* THE DATA *

>>>>

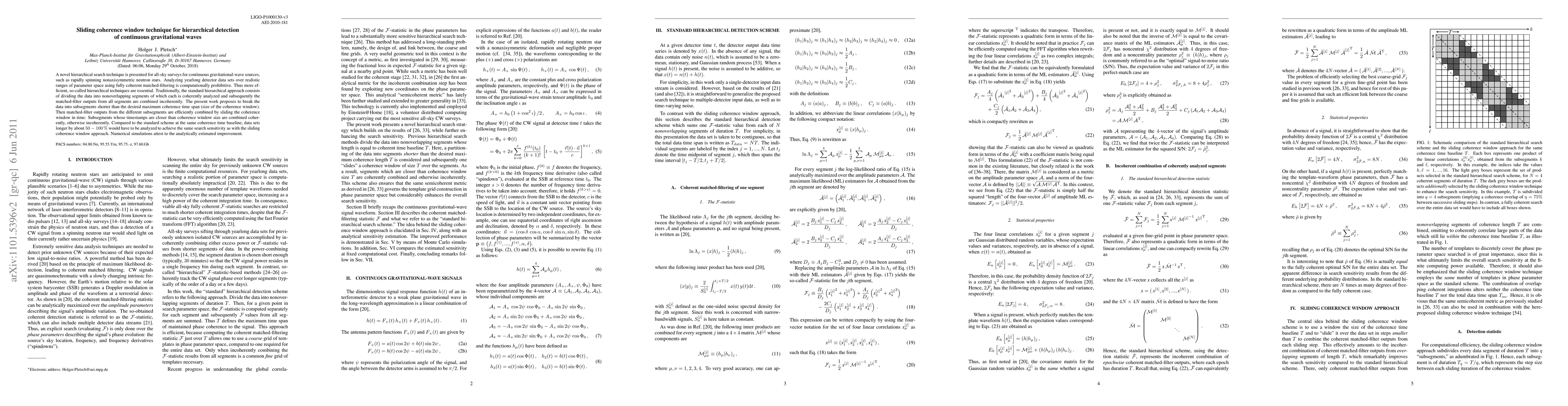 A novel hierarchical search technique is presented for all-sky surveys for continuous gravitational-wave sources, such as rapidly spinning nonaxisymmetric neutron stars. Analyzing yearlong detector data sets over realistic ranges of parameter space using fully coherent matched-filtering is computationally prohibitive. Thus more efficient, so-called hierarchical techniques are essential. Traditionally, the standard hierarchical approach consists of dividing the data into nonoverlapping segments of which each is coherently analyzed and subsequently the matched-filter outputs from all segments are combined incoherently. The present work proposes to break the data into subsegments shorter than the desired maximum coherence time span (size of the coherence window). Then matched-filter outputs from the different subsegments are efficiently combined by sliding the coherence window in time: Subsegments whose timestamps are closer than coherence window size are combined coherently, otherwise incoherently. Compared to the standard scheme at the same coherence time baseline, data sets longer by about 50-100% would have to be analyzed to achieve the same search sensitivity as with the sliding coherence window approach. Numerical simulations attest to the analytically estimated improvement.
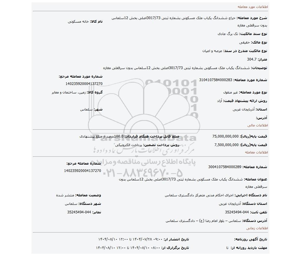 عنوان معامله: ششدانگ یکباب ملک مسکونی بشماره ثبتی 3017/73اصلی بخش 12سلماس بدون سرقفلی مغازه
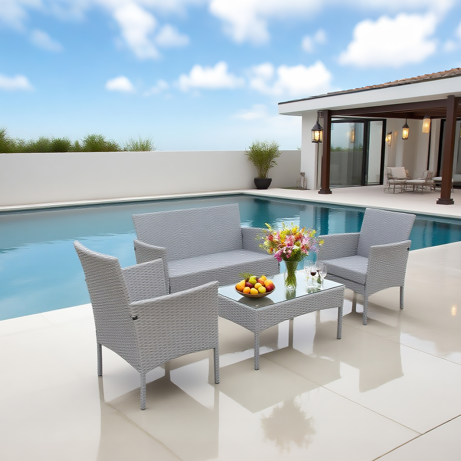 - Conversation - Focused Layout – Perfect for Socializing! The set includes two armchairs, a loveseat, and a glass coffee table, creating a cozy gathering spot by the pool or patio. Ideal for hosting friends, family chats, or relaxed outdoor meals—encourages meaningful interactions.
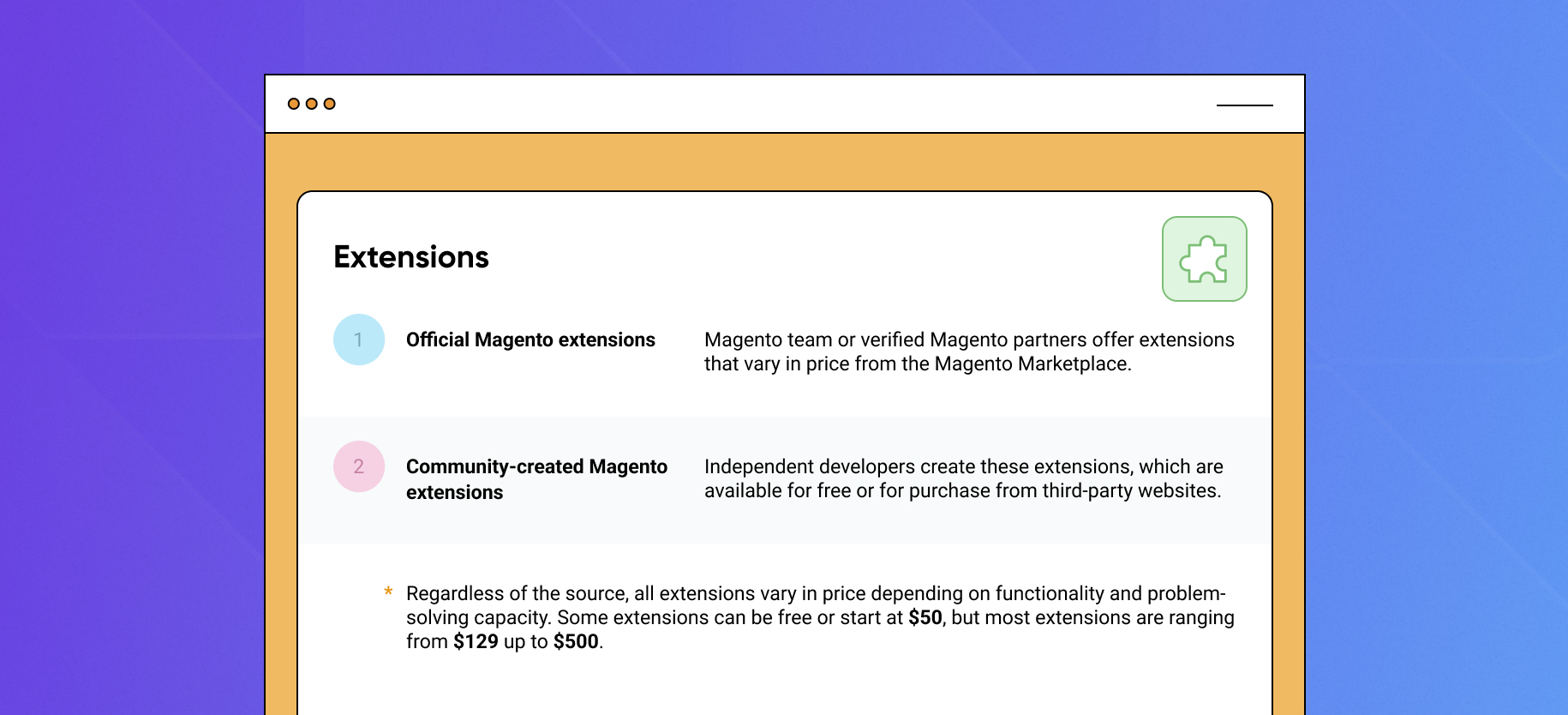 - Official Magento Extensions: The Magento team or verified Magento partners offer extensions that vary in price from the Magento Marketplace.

<<<<
>>>>

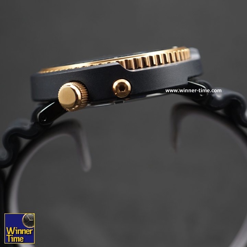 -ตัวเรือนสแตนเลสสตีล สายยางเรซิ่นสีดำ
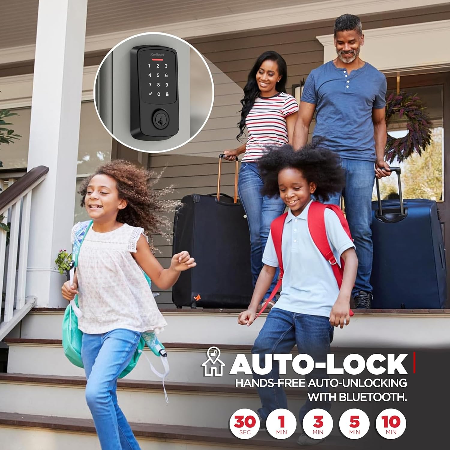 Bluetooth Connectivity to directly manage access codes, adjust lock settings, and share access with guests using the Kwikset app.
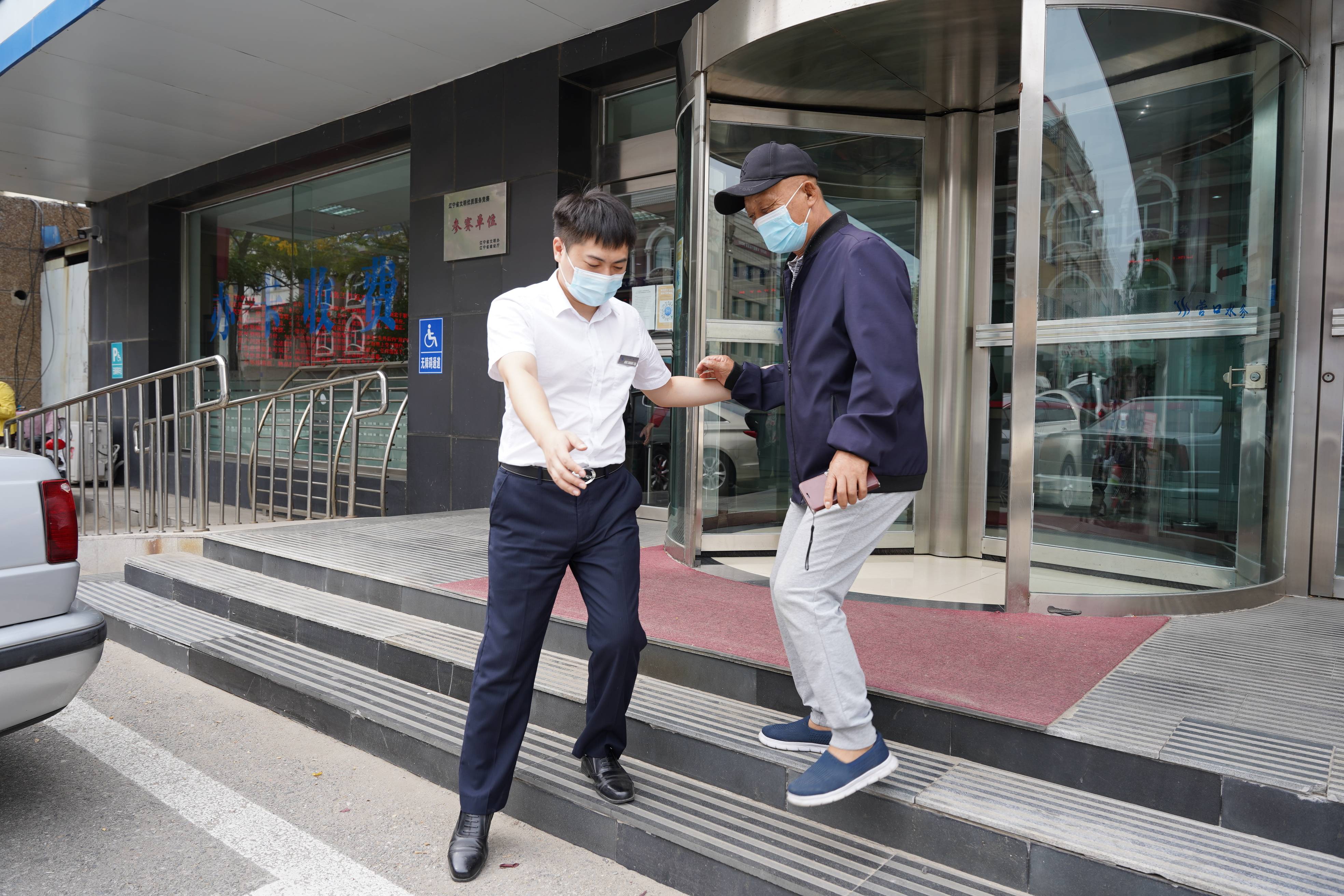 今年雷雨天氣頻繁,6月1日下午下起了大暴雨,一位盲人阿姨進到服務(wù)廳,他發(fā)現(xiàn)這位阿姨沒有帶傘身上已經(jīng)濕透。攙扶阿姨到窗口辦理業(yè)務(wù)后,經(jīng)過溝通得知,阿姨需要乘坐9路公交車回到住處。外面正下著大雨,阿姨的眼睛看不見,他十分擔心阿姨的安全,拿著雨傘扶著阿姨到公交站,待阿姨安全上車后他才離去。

<<<<

* BRIEF *
Copy everything above from the line holding "- Conversation - Focused" down to the line holding "- Official Magento", both ends included, exactly as it stands and without the pictures.

* REPLY TO THE TASK *
 - Conversation - Focused Layout – Perfect for Socializing! The set includes two armchairs, a loveseat, and a glass coffee table, creating a cozy gathering spot by the pool or patio. Ideal for hosting friends, family chats, or relaxed outdoor meals—encourages meaningful interactions.
 - Official Magento Extensions: The Magento team or verified Magento partners offer extensions that vary in price from the Magento Marketplace.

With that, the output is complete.